START Dataset records
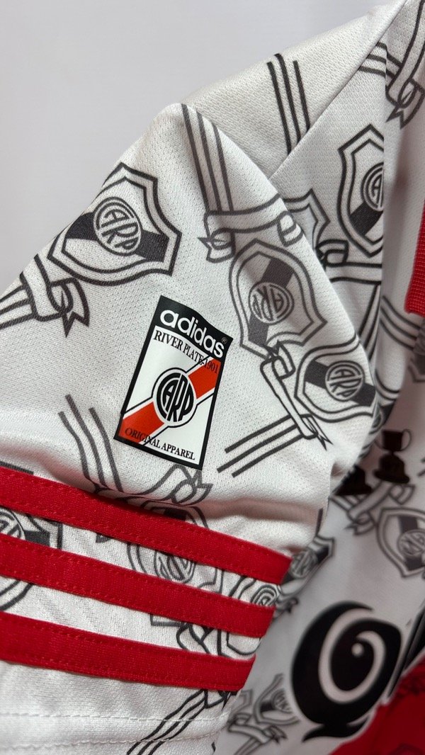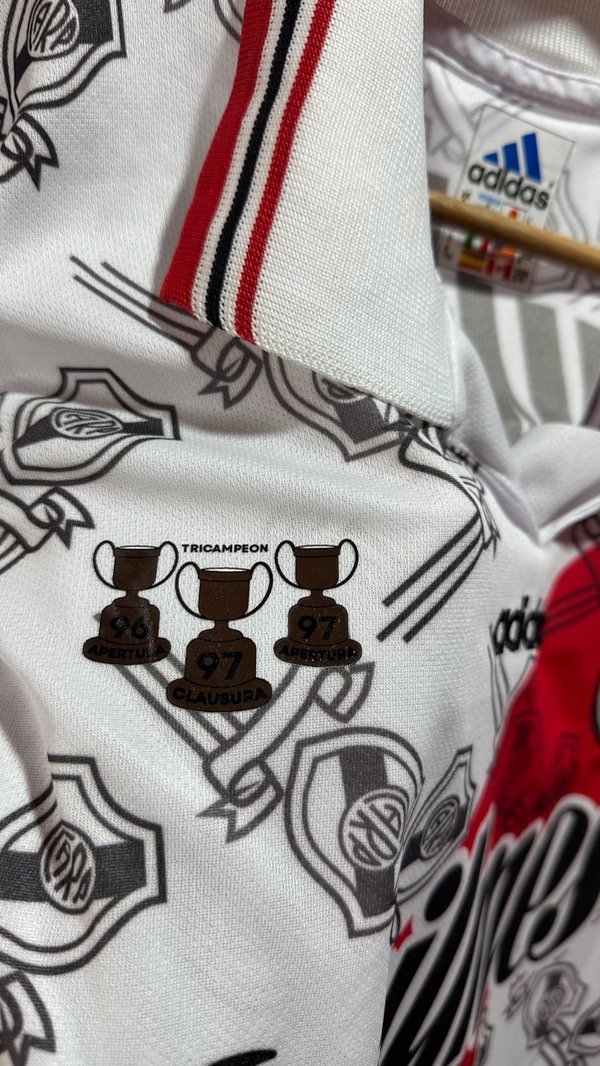 Camiseta de River Plate de la temporada 1996/1997 con escudos impresos en toda la camiseta. Iconico . Con la número “10” en el dorsal que usaba Enzo Francescoli. Con escudo y marca bordados . Estampados en vinilo. Corte y confección idéntico al original.
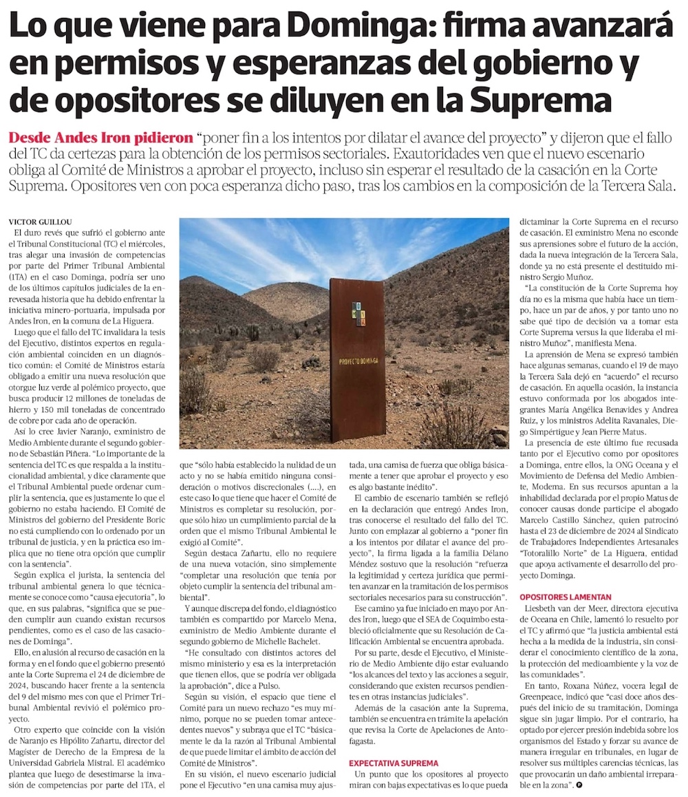 Fallo del TC allana camino para Dominga y empresa iniciará en julio trámite clave para construcción del proyecto - (Diario Financiero)
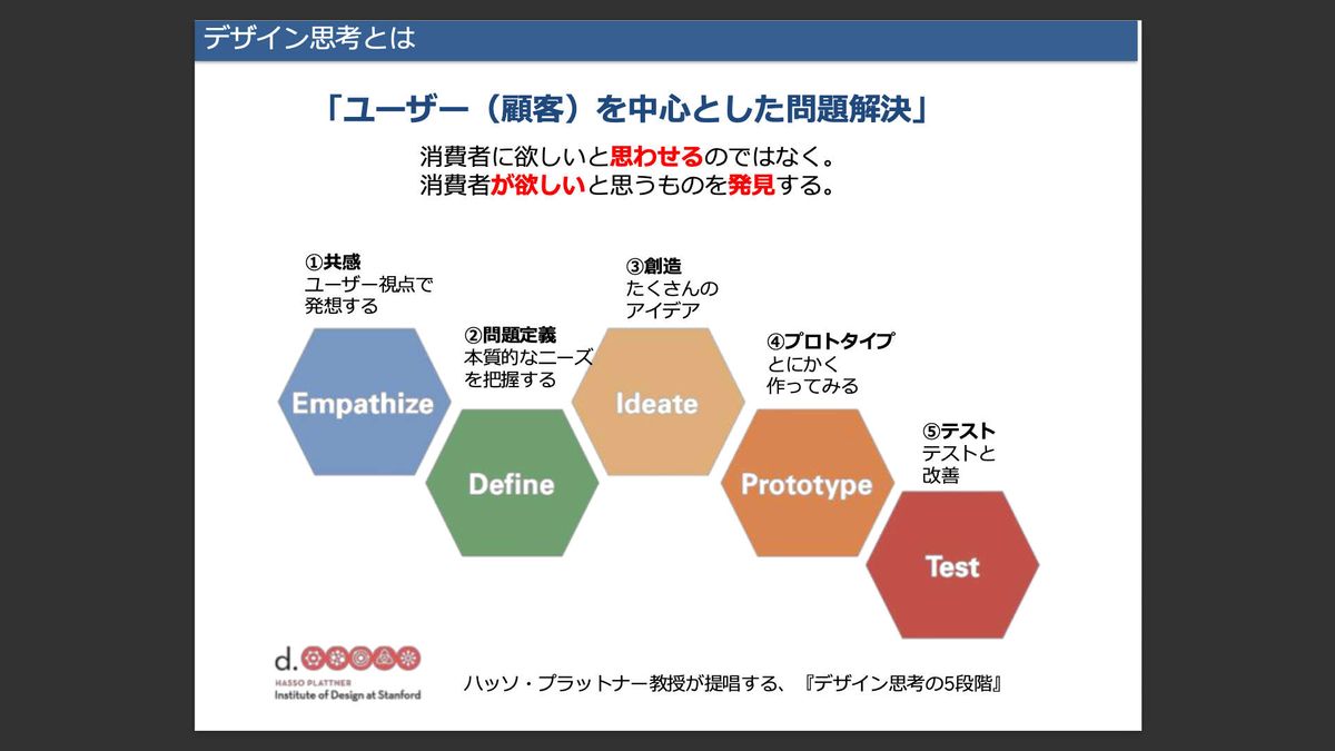 これは顧客を中心とした問題解決のプロセスであり、ユーザーに共感し、ユーザーの視点で発想するというのが基本です。つまり、開発者側の視点ではなく、ユーザーの視点です。
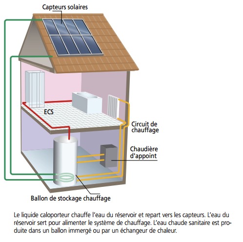 Le système solaire combiné est une installation utilisant le rayonnement solaire pour couvrir une partie des besoins en chauffage et en ECS (eau chaude sanitaire). Il associe le chauffage de l’eau sanitaire et le chauffage de l’habitat. Cette installation est capable de répondre à 50% de vos besoins en chauffage et eau chaude sanitaire. Pour information, la surface nécessaire de capteurs au bon fonctionnement du système est de 1/10ème de la surface du logement.
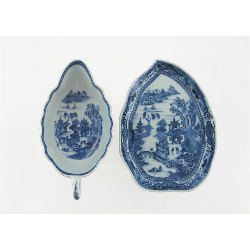 A Chinese blue and white leaf-shaped dish, and a Chinese fluted sauceboat, each piece painted with a watery pagoda landscape, 18th century, minor faults, 19cm max. (2)
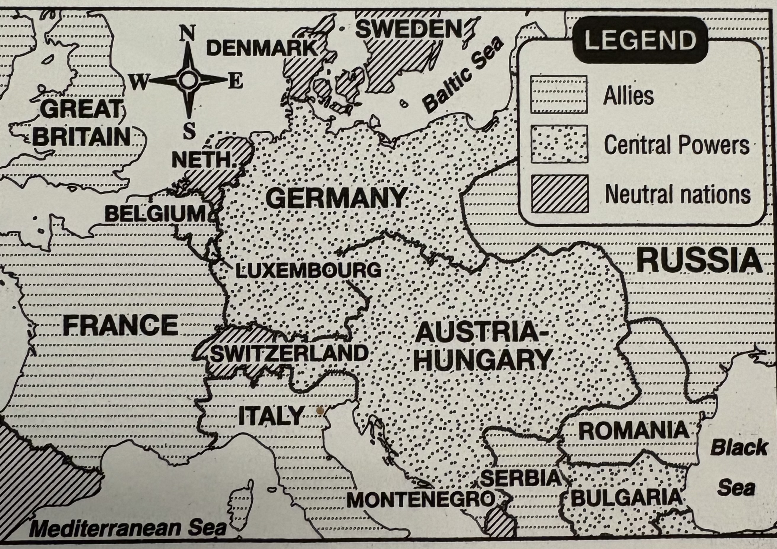 Which countries were part of each group of allies during World War 1? (Not all countries are listed).
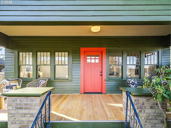 Welcome home! Start your day—or wind it down—on the amazing covered front porch, the perfect spot to sip, sit, and get to know your neighbors. And yes, the inside is just as charming. This beautifully refreshed 3-bedroom, 1-bath home is filled with thoughtful updates, including new interior and exterior paint, refinished fir floors, quartz countertops, remodeled kitchen and bathroom and rejuvenation lighting. Working fireplace with new firebox, sleeve and flue! The upstairs offers a wonderful private retreat, ideal for guests, a home office, or a versatile flex space. The spacious basement brings even more opportunity—imagine adding a second bathroom, a bonus room, or creating the perfect hangout space. Outside, the large fully fenced corner lot features brand-new landscaping, a brick patio, and plenty of room to add a garage or carport. Conveniently located near grocery stores, shopping, and restaurants, this home blends comfort, style, and endless potential. [Home Energy Score = 3. HES Report at https://rpt.greenbuildingregistry.com/hes/OR10225473]
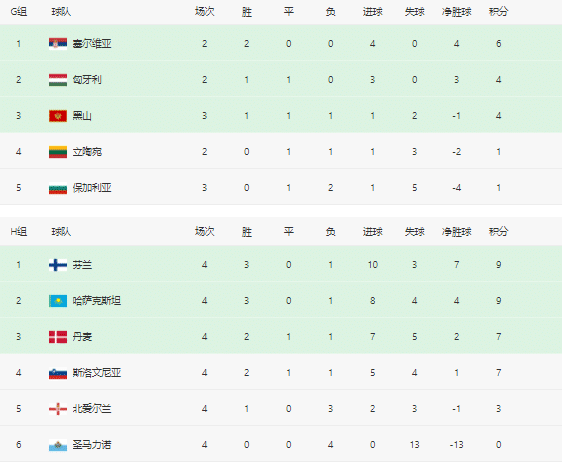 H组的芬兰开局4场比赛拿下9分,表现强势,哈萨克斯坦也是9分的状态,成为本届欧预赛至今的最大黑马,当然身后7分的丹麦和斯洛文尼亚也有机会。I组的格局是瑞士、罗马尼亚和以色列之间的竞争。J组的葡萄牙开局全胜,斯洛伐克也有不俗的表现。
END Dataset records
What you are asked to do
The answer must be the full listing, exact in every line, with the pictures removed.

Response area
 Camiseta de River Plate de la temporada 1996/1997 con escudos impresos en toda la camiseta. Iconico . Con la número “10” en el dorsal que usaba Enzo Francescoli. Con escudo y marca bordados . Estampados en vinilo. Corte y confección idéntico al original.
 Fallo del TC allana camino para Dominga y empresa iniciará en julio trámite clave para construcción del proyecto - (Diario Financiero)
 これは顧客を中心とした問題解決のプロセスであり、ユーザーに共感し、ユーザーの視点で発想するというのが基本です。つまり、開発者側の視点ではなく、ユーザーの視点です。
 Le système solaire combiné est une installation utilisant le rayonnement solaire pour couvrir une partie des besoins en chauffage et en ECS (eau chaude sanitaire). Il associe le chauffage de l’eau sanitaire et le chauffage de l’habitat. Cette installation est capable de répondre à 50% de vos besoins en chauffage et eau chaude sanitaire. Pour information, la surface nécessaire de capteurs au bon fonctionnement du système est de 1/10ème de la surface du logement.
 A Chinese blue and white leaf-shaped dish, and a Chinese fluted sauceboat, each piece painted with a watery pagoda landscape, 18th century, minor faults, 19cm max. (2)
 Which countries were part of each group of allies during World War 1? (Not all countries are listed).
 Welcome home! Start your day—or wind it down—on the amazing covered front porch, the perfect spot to sip, sit, and get to know your neighbors. And yes, the inside is just as charming. This beautifully refreshed 3-bedroom, 1-bath home is filled with thoughtful updates, including new interior and exterior paint, refinished fir floors, quartz countertops, remodeled kitchen and bathroom and rejuvenation lighting. Working fireplace with new firebox, sleeve and flue! The upstairs offers a wonderful private retreat, ideal for guests, a home office, or a versatile flex space. The spacious basement brings even more opportunity—imagine adding a second bathroom, a bonus room, or creating the perfect hangout space. Outside, the large fully fenced corner lot features brand-new landscaping, a brick patio, and plenty of room to add a garage or carport. Conveniently located near grocery stores, shopping, and restaurants, this home blends comfort, style, and endless potential. [Home Energy Score = 3. HES Report at https://rpt.greenbuildingregistry.com/hes/OR10225473]
 H组的芬兰开局4场比赛拿下9分,表现强势,哈萨克斯坦也是9分的状态,成为本届欧预赛至今的最大黑马,当然身后7分的丹麦和斯洛文尼亚也有机会。I组的格局是瑞士、罗马尼亚和以色列之间的竞争。J组的葡萄牙开局全胜,斯洛伐克也有不俗的表现。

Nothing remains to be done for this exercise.